Don’t live with your friends if you want to keep them.

At the University of Iowa, finding a living arrangement is stressful. Most student housing options start leasing in October and November — almost a year before summer move-in.

Living with a friend seems like a convenient option. But it often adds tension and stress on friendships, making a 12-month lease feel like a lifetime. 

The thought of living with a stranger or acquaintance is scary. However, living with someone you don’t have a close relationship with can be a practical option.

In friendships, it can be difficult to address problems when they arise. You may want to avoid conflict or awkward conversations, which only exacerbates the problem. But when living with someone you don’t hold a strong relationship to, there is more ease in addressing problems because you have less to lose.
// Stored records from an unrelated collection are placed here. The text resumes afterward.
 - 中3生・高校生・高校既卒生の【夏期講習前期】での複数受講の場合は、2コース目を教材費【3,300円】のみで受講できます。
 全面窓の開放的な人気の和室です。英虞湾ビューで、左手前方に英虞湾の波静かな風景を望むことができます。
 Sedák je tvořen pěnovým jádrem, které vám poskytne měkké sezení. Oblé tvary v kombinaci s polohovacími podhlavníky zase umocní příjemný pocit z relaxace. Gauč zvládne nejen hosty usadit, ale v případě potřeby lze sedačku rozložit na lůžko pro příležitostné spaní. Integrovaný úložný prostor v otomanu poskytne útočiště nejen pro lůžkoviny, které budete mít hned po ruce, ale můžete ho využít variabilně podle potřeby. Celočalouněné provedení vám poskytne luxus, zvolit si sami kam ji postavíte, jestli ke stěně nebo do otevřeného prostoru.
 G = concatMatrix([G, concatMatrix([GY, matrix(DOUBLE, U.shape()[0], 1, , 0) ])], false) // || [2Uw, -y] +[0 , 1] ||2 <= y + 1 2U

Getting along with someone is easy, but living with someone is hard. That’s why it’s just as important to assess your living standards as it is your personal relationship. When looking for a roommate, you can cater your search to someone who has the same living patterns as you. 
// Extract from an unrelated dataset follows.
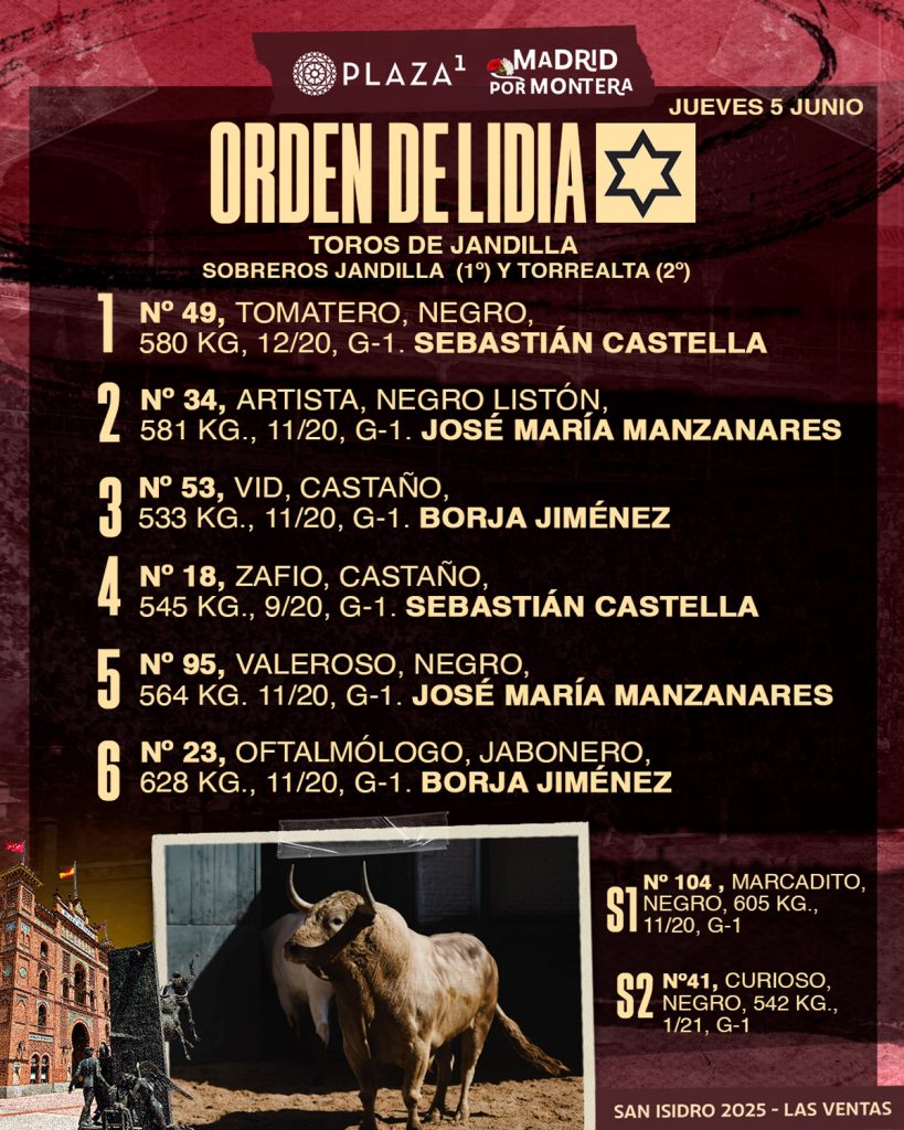 Sorteados y enchiquerados seis toros de Jandilla para la vigesimocuarta de la Feria de San Isidro 2025, cita en la que se va a colgar el decimotercer ‘No Hay Billetes’ del serial isidril. Esta tarde en la Plaza de Toros de Las Ventas, a las 19:00h., harán el paseíllo Sebastián CastellaManzanares y Borja Jiménez.
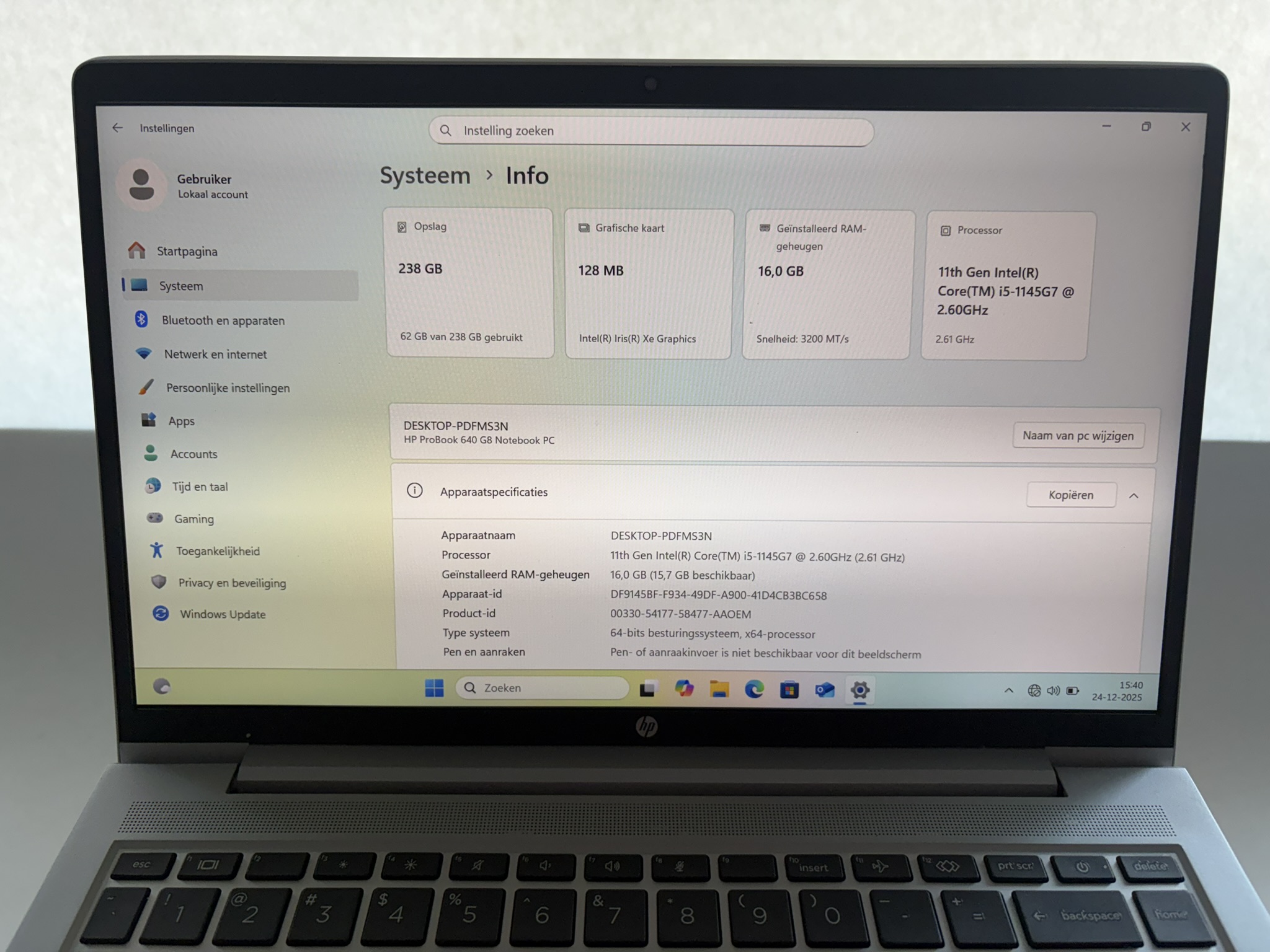 De laptop wordt geleverd met Windows 11 Pro en de originele HP-oplader.

A messy roommate does not mesh well with a clean roommate. A loud roommate will not match with a quiet roommate. In friendships, you may not know how your friend’s living patterns. If your habits do not correspond well, your friendship is likely doomed. 

If you’re fortunate, your random roommate may become your friend. But it is also OK if they are merely an individual you share a roof with. 

Many people will meet their closest friends in college. It’s important to cherish the friends you have and not risk losing those friendships. Live with an acquaintance, not a friend.